One year on and what have I learned? I desperately love this baby, and when it is just me and this baby, I am elated. When you have a new soggy potato of a human, there is really minimal need for anything other than you, your potato, and an assortment of podcasts to keep you company. Would a therapist be useful to remind you not to form parasocial relationship ships with all the podcast hosts? Perhaps, but I would fire them pretty quickly for being wrong anyway, because obviously me and Andrew Huberman love each other and we are both super aware of the other’s existence.
Now that this baby is a toddler, he yearns for the company of others, mostly because I am not as fun as everyone else and that is absolutely on purpose, because I don’t want him to get the idea to come to me for fun, I want him to get the idea to come to me for naps, because if there is one thing I am excellent at, it is napping. But this highly inconvenient yearning of his means my perfect bubble of parenthood, my quiet and beatific year of strapping my baby to my back and going for walks in the woods, now must be punctuated with that most horrific experience of humanity, being around other people.
I already know I will not like having to go to places people hang out with their children, which I assume are parks and the parking lot of a Wendy’s maybe? I’m not actually sure where people take their kids. Given that I am hanging out in the parking lot of a Walgreens while I write this, at least one person hangs out with their kids in a parking lot, so it stands to reason I will find more dumdums doing things like hanging out with kids in parking lots. How do I know I won’t like it? Because parks are basically like dog parks, only for children. That’s why they call them dog parks, so you know they’re not for children, the same way you call someone a female doctor if you want to know who is good at being a doctor.

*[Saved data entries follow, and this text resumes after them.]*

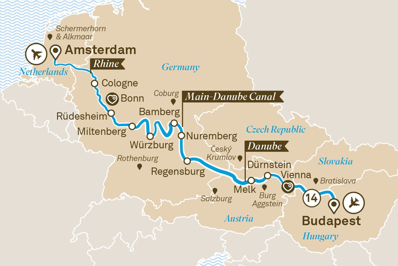 Restored castles still stand watch from their position atop dramatic hilltops, just as they did in the days of feudal knights and land barons. However, today the sites of ancient battles and medieval skirmishes have been replaced by a tranquil countryside with thriving towns and villages. Elsewhere, romantic ruins echo with a timeless beauty and Gothic spires rise out of the picturesque communities nestled along the riverbanks. This is a journey that will take you through the Europe of your imagination, full of wonder, recalling medieval jousts, cobbled streets and childhood fairy tales while creating memories that will last a lifetime.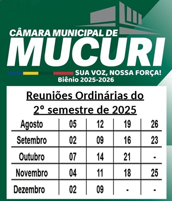 Conforme o Projeto de Resolução Nº 002/2024, que definiu o Calendário Legislativo para 2025, os Vereadores de Mucuri nesta Legislatura 2025-2028 retornam às atividades legislativas logo na primeira terça-feira de agosto, dia 05, às 9h, com a realização da 17ª Reunião Ordinária.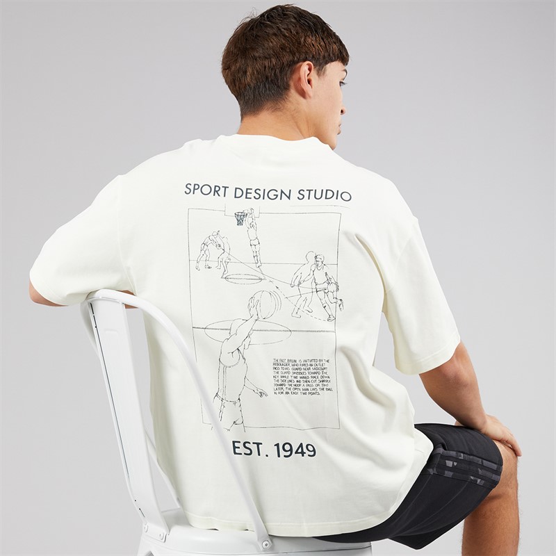 adidas Originals Mens Sports Design GFX Back Graphic T-Shirt Ivory

The dog park long was my nightmare, to the point I did not even want to take Likely, because you never know what sort of owner would be there. Would they be nice? Not nice? So annoying I would have to make up an excuse about having explosive diarrhea so they would not talk to me for fear of getting said explosive diarrhea on them? While most people go to the dog park hoping other dogs will be there to entertain their dog, I always hoped no one would be there, because you can only tell people about explosive diarrhea so many times before they start to suspect you’re lying to avoid talking to them, and then you have to start drinking Miralax in your car before you get out so as to give credence to the lie because you’re in too deep and now you’re shitting yourself at the park and wondering if it would have been easier to just talk to the person (it would not).

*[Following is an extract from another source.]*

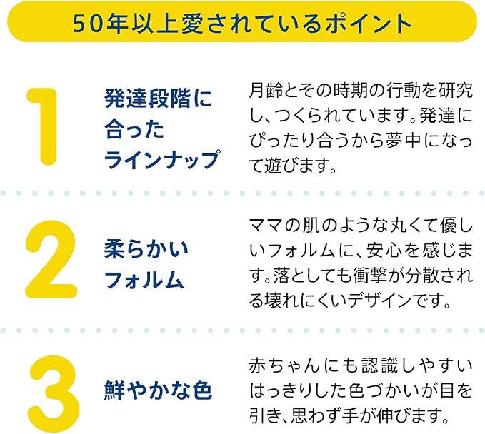 自然と両手で持つ動きを促し、おせんべいのような形は歯固めとしても重宝します。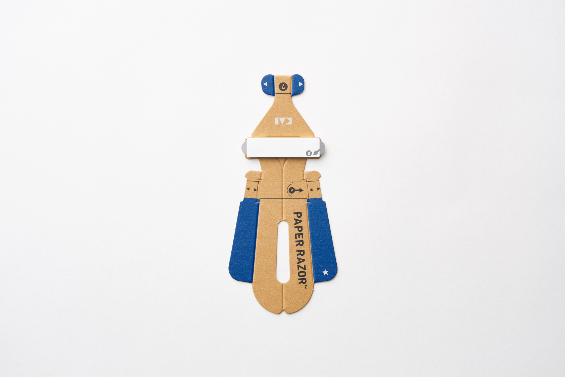 贝印纸剃刀的结构设计是从结实的纸勺和牛奶盒中获得的灵感,并不是单纯地将刀架的材质由塑料换成纸,而是在保证刀架的握持手感和刀片锋利度不逊色于塑料剃刀的基础上进行了精心设计。和贝印过去的塑料剃刀产品相比,纸剃刀的塑料使用减少了98%,从生活细节处入手保护环境。由于选取的纸具有良好的耐水性,因此即使纸剃刀被冷水或热水(约40℃)淋湿也可正常使用。这项创新的设计还获得了DIA中国设计智造大奖的铜奖。

I feel the same way now, hoping against hope no one will be in the spaces that I am entering for the express purpose of finding company for my child who desires company, because he is young and doesn’t yet know faking an illness could be desirous to conversation. I realize that for my baby I must alter my worldview and pray people will be in these child spaces, preferably with children, so that he might thrive as a human being. But then what? You sit around and watch the kids play, and awkwardly talk to their owner while you try to gauge what level of violence is acceptable to them, and how they respond. We eye our babies and when one of them throws a spoon from the fake kitchen, the other child owner laughs and says, “Oh mine throws things too, it’s okay,” much like when two dogs run at each other and one of them knocks the other one to the ground and starts barking in their face. You have the tense moment of is this okay? And either the other owner assures you they accept the same level of violence or they fix you with a look and say they are absolutely not okay with this and you make up an excuse about how you just adopted them yesterday and you don’t know what you’re working with yet.
The dog, not the baby.
One thing is becoming clear, I can’t use the same excuses I use with the dog and also, I should keep my dog comparisons to myself. I do not believe the mother at the library appreciated it when her son ran off with a toy and I said, “Oh it’s okay, my dog does that all the time.”

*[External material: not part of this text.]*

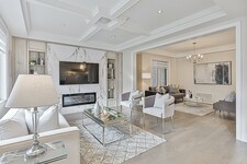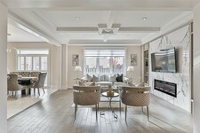 Spend quality time in the beautiful family room, complete with a coffered ceiling that adds character and dimension. The focal point of this space is the stunning marble feature wall, equipped with built-in bookcases and a sleek electric fireplace.

It’s not that I think their kid is a dog, it’s that I really love my dog. It is actually hard to explain to people on the fly how much I love my dog, despite her addiction and general shitty judgmental demeanor.
But so much of raising a baby is easy because of how long I spent thinking about the moods of my garbage shepherd because of how much I love her and want her to be happy. NOT that she appreciates it, because she is garbage. But we just adopted her yesterday after all, so we are working on it.
The upside of all of this is that I absolutely love libraries, and apparently that is where children live. Having a baby means getting to frequent all the places you loved as a child without looking like someone who is potentially creeping on children. Finally I can play on the monkey bars in peace again, and sit in the children’s book nooks at the library and when people ask what I am doing there I point to my baby who has invariably wandered off an unsafe distance to look at things by himself even though I went through all the effort of bringing him to a place where other children are so he can play with them, and I say, “That’s my baby, I’ve got a dog just like him back at home,” and then they go and tell the authorities there is a weird woman in the corner who shouldn’t be allowed in the library anymore.